質問主意書

第180回国会(常会)

答弁書


答弁書第一五四号

内閣参質一八〇第一五四号
  平成二十四年六月二十九日
内閣総理大臣 野田 佳彦   


       参議院議長 平田 健二 殿

参議院議員秋野公造君提出地球深部探査船「ちきゅう」号を用いたメタンハイドレート採掘試験に関する質問に対し、別紙答弁書を送付する。

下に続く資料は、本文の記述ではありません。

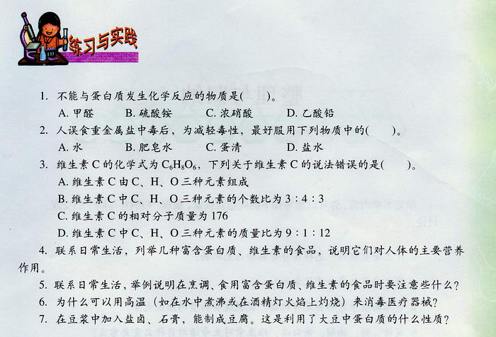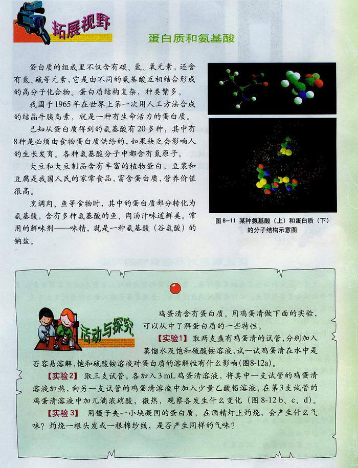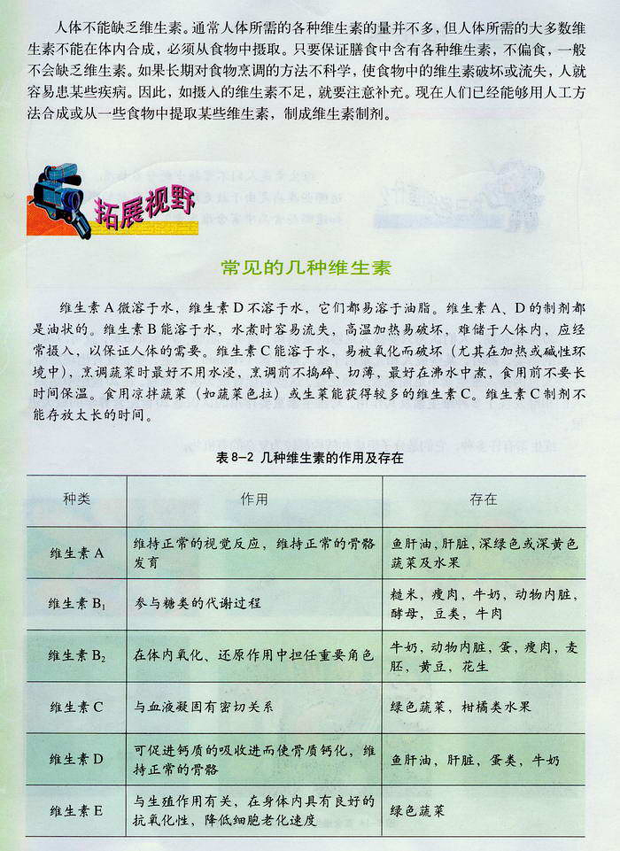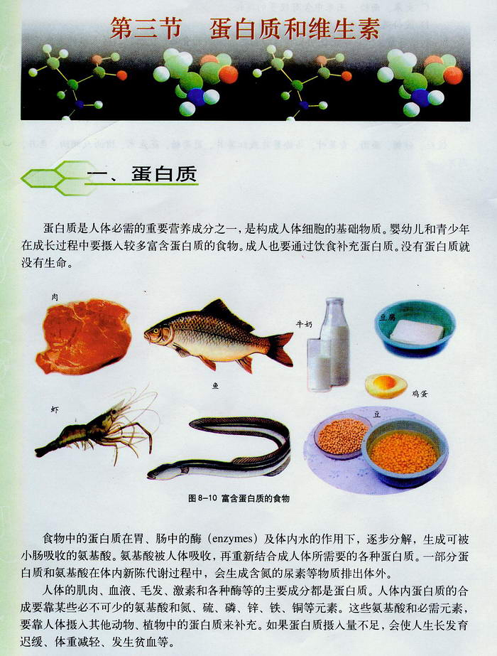 沪教版初中化学《第八章第三节 蛋白质和维生素》电子课本

   参議院議員秋野公造君提出地球深部探査船「ちきゅう」号を用いたメタンハイドレート採掘試験に関する質問に対する答弁書

一及び二について

 メタンハイドレートからメタンガスを効率的に分離して回収する方法については、これまでの陸上における産出試験の結果等から、いわゆる減圧法が有効であると考えているが、減圧法が海洋においても有効かどうかを確認するため、平成二十四年度にいわゆる東部南海トラフ海域において減圧法による産出試験を行うこととしているところであり、当該産出試験においては、減圧法以外の方法を用いることは想定していない。

三について

 御提案の技術が有効であるか否かは不明であるが、メタンハイドレートからメタンガスを効率的に分離して回収するためには、減圧法と減圧法以外の方法を組み合わせる必要があると考えており、メタンハイドレートに二酸化炭素を圧入し、二酸化炭素とメタンガスを置換する技術等についても研究開発を進めている。

四について

 メタンハイドレートの商業化を実現するためには、産学官の連携の下、技術的な課題を一つ一つ解決していくことが必要であると考えており、「海洋基本計画」(平成二十年三月十八日閣議決定)及びこれに基づき経済産業省が平成二十一年三月二十四日に策定した海洋エネルギー・鉱物資源開発計画に基づき、引き続き、産学官の連携の下、平成三十年度をめどにメタンハイドレートの商業化の実現に向けた技術を整備することを目指して研究開発を進めてまいりたい。

五について

 現在のところ、お尋ねの地球深部探査船を新たに建造する予定はない。また、御指摘の「日本再生重点化措置」による予算配分の重点化等の検討を行う予算編成に関する政府・与党会議において、「海洋探査船舶は、効率的な事業実施の観点から、既存船舶を改造」すべきとの評価が示されたところであり、これを踏まえ、平成二十四年度予算においては、お尋ねの海洋資源調査研究船の建造費を計上していない。

六について

 お尋ねの「資源大国」の意味するところが必ずしも明らかではないが、メタンハイドレートについては、我が国周辺海域において相当の量が賦存していることが見込まれており、その商業化は、国際情勢に影響されない安定したエネルギー供給源として、エネルギー自給率の向上に寄与することから、我が国のエネルギーの安定供給にとって重要であるとともに、産油国等に対する我が国の交渉力の向上に資すると考えている。